To evaluate the Eliminator, a preamplifier was used which was also placed in the well known by now, "reference" rack and underwent a similar excitation.
The first measurement concerns the way the device cover (which was a rather standard u-shaped surface) vibrates, with and without the Eliminator. The red curve (free vibration) defines two areas of interest between 200Hz and 300Hz, the first, and between 500Hz and 800Hz, the second, where the strongest resonances appear. The placement of the Eliminator in the center of the cover seems to improve significantly both of these areas, indicating that the method proposed by Thixar works as expected.
What is, of course, more interesting is whether the clearly documented cover vibrational behavior affects the mechanical behavior of the rest of the chassis especially near the electronics, inside the device.
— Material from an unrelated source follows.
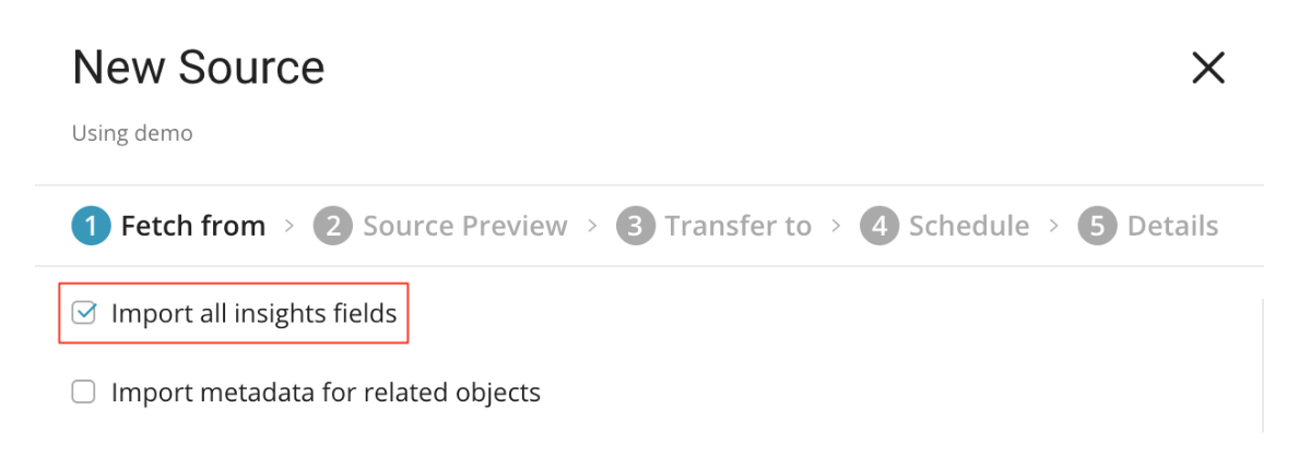 By default, Import all insights fields are checked.

This preamplifier consisted of two medium-sized main PCBs and the corresponding measurements were made near the center of one of them, with and without the Eliminator in its normal place, on the cover. The diagram shows only a small positive effect on both the areas of interest (100-300Hz and 500Hz-800Hz). This finding could, of course, be device-related, probably to a significant extent: It is very likely that another chassis structure (different cover and other parts and/or different circuit fixing methods, or even different electronic components) could be more or less sensitive to external vibrations, the only way to confirm this, is through a comparative assessment of a group of devices (probably a good idea for a future article).
The fact that external vibrations somehow affect the device, however, albeit to a small extent, and, also, an indirect confirmation of the mechanical measurements, is shown in the last diagram presented here. It is a spectral analysis of the electrical noise measured at the output of the preamplifier (a standard measurement in all our amplifier tests) limited to the 50Hz-300Hz range, to offer a better resolution on the horizontal axis. During the measurement (with the amplifier turned on but without input signal), the chassis was submitted to mechanical excitation at a frequency of 105Hz. The choice of this frequency was based on the first diagram, where a cover resonance at this frequency is evident, and significantly suppressed by the Eliminator. In addition to the extremely disturbing fact that the 105Hz vibration appears clearly at the output as an electrical signal, it is also apparent that its level decreases by almost 50% using the Eliminator (green curve). To maintain the mental balance of all involved, the vertical axis of this graph is purposely calibrated directly in uV (microvolts), in an effort to understand the real-life scale of the phenomenon (and not the relative one through a dB scale): The 105Hz component is near a tenth of the 100Hz power supply noise component at about 65uV, and about 50% of the 50Hz power line noise (near 13uV). However, it is obvious that there is a correlation between the mechanical excitement of the chassis and the preamplifier's electrical output and Eliminator works towards its attenuation.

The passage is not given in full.